-- INPUT --
=====

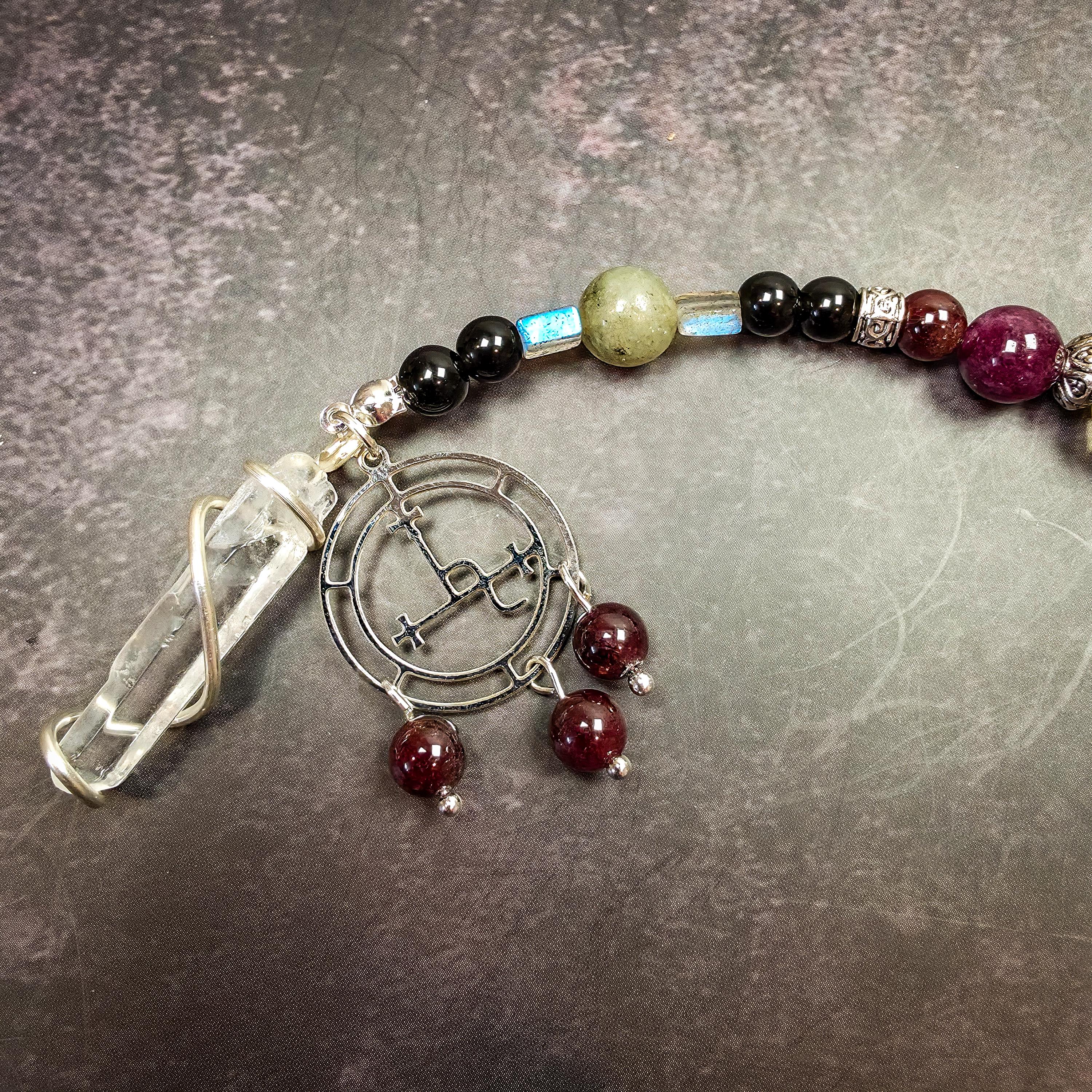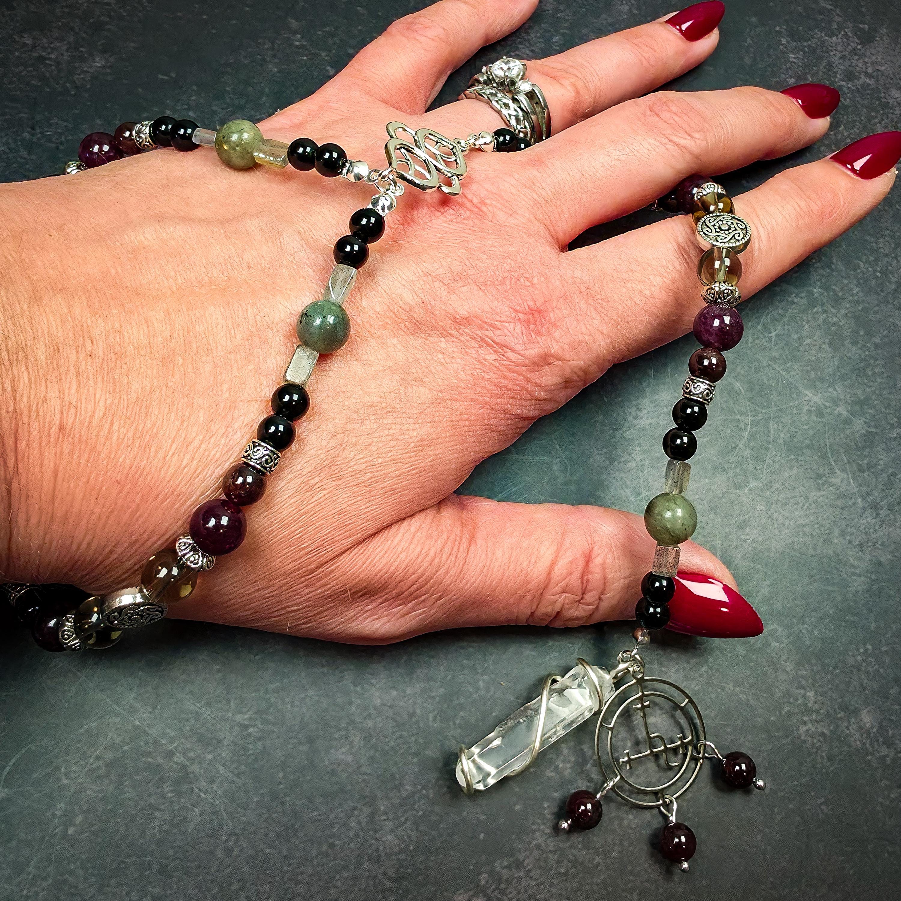 Adorned with her sacred sigil, this wrist rosary is designed to stay with you throughout your day or during deep ritual work. It serves as a constant reminder of your own boundaries and the fierce, independent spirit that Lilith embodies.
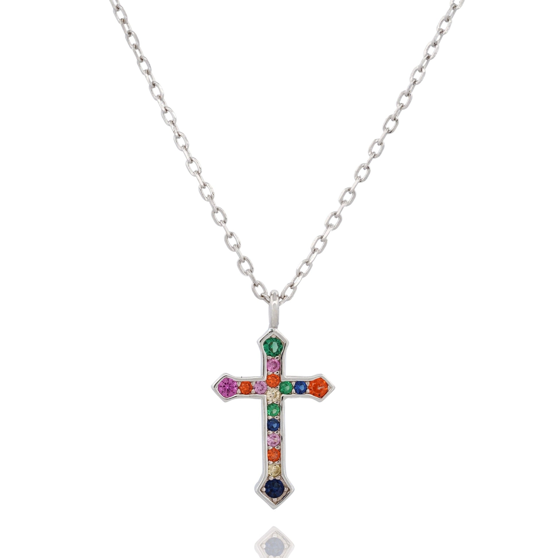 Silver Coloured Crystals Cross Necklace
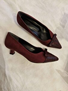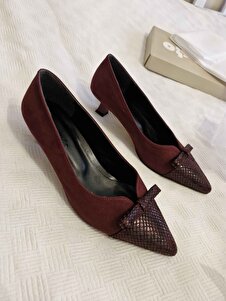 Pia Bordo Renk Yılan Derisi Ve Süet Kombinasyonlu Kadın Kısa Topuklu Ayakkabı Pia Bordo Renk Yılan Derisi Ve Süet Kombinasyonlu Kadın Kısa Topuklu Ayakkabı 02283TAO 42
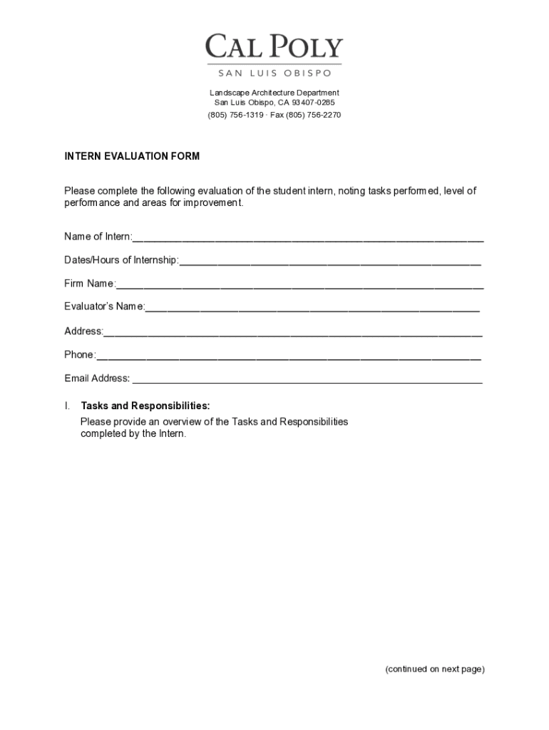 Landscape Architecture Department San Luis Obispo, CA 934070285 (805) 7561319 Fax (805) 7562270INTERN EVALUATION FORM Please complete the following evaluation of the student intern, noting tasks performed,
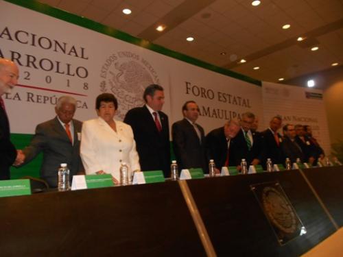 El evento se está realizando en el Centro de Convenciones y Exposiciones de Tampico, en donde están presentes los alcaldes de Tampico, Magdalena Peraza Guerra, de Madero, Jaime Turrubiates, de Altamira, Pedro Carrillo Estrada y funcionarios de diversas dependencias federales, estatales y municipales.
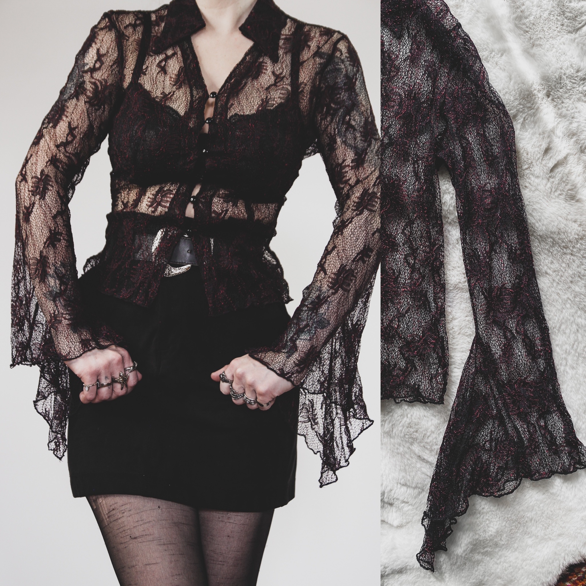 Vintage 90s sheer blouse. So on trend right now! Sheer, delicate black and red floral mesh - not exactly lace but a similar vibe. Adjustable corset-style lace-up back detail with a loooong satin cord, allows you to cinch the waist as tight as you like! Classic collar. Fitted, drapey bell sleeves, lettuce edge trim and glossy seed buttons down the front. Slim fit, standard length. Fabric has a bit of give. May have some itch if you're sensitive to synthetic fabrics. Fully sheer, liner not included.
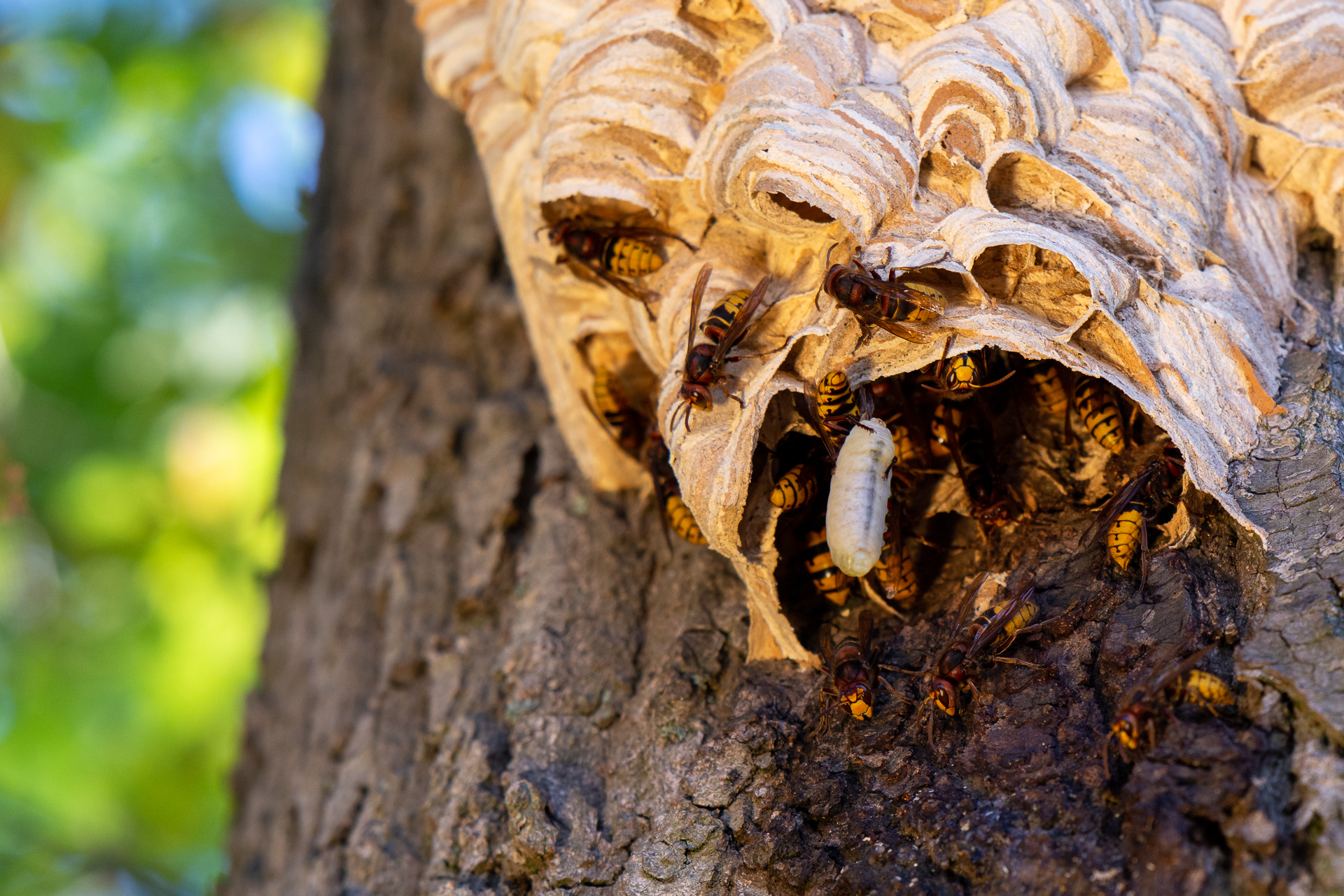 While photographing a nest of European hornets (Vespa crabro) high up in a tree, I suddenly noticed a large white grub being pulled out of the nest by a worker. For a few moments it was hanging there, then it was let go and fell to the ground. I searched the grass and found it. It was one of their larvae and had been injured by the fall. Possibly the larva was sick, or it had been fed by the workers, but did not return the rewarding sugary secretion that sustains the workers. I used a reflective screen to illuminate the inside of the hive. Many people fear hornets due to them being larger than wasps. In recent years, the Dutch news has published many fear mongering articles about the presence of the invasive Asian hornet, which harms the public opinion on the native hornet species as well. More positive publicity is urgently needed to preserve this species, which is an important predator of many insects, including pest insects such as mosquitoes and flies.
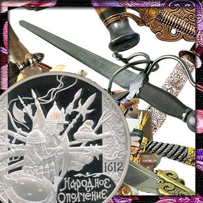 Холодное оружие на коллекционных монетах РФ из драгоценных металлов

=====

-- TASK TO CARRY OUT --
Nothing but the pictures may be dropped as you repeat the listing above exactly.

-- EXERCISE RESULT --
 Adorned with her sacred sigil, this wrist rosary is designed to stay with you throughout your day or during deep ritual work. It serves as a constant reminder of your own boundaries and the fierce, independent spirit that Lilith embodies.
 Silver Coloured Crystals Cross Necklace
 Pia Bordo Renk Yılan Derisi Ve Süet Kombinasyonlu Kadın Kısa Topuklu Ayakkabı Pia Bordo Renk Yılan Derisi Ve Süet Kombinasyonlu Kadın Kısa Topuklu Ayakkabı 02283TAO 42
 Landscape Architecture Department San Luis Obispo, CA 934070285 (805) 7561319 Fax (805) 7562270INTERN EVALUATION FORM Please complete the following evaluation of the student intern, noting tasks performed,
 El evento se está realizando en el Centro de Convenciones y Exposiciones de Tampico, en donde están presentes los alcaldes de Tampico, Magdalena Peraza Guerra, de Madero, Jaime Turrubiates, de Altamira, Pedro Carrillo Estrada y funcionarios de diversas dependencias federales, estatales y municipales.
 Vintage 90s sheer blouse. So on trend right now! Sheer, delicate black and red floral mesh - not exactly lace but a similar vibe. Adjustable corset-style lace-up back detail with a loooong satin cord, allows you to cinch the waist as tight as you like! Classic collar. Fitted, drapey bell sleeves, lettuce edge trim and glossy seed buttons down the front. Slim fit, standard length. Fabric has a bit of give. May have some itch if you're sensitive to synthetic fabrics. Fully sheer, liner not included.
 While photographing a nest of European hornets (Vespa crabro) high up in a tree, I suddenly noticed a large white grub being pulled out of the nest by a worker. For a few moments it was hanging there, then it was let go and fell to the ground. I searched the grass and found it. It was one of their larvae and had been injured by the fall. Possibly the larva was sick, or it had been fed by the workers, but did not return the rewarding sugary secretion that sustains the workers. I used a reflective screen to illuminate the inside of the hive. Many people fear hornets due to them being larger than wasps. In recent years, the Dutch news has published many fear mongering articles about the presence of the invasive Asian hornet, which harms the public opinion on the native hornet species as well. More positive publicity is urgently needed to preserve this species, which is an important predator of many insects, including pest insects such as mosquitoes and flies.
 Холодное оружие на коллекционных монетах РФ из драгоценных металлов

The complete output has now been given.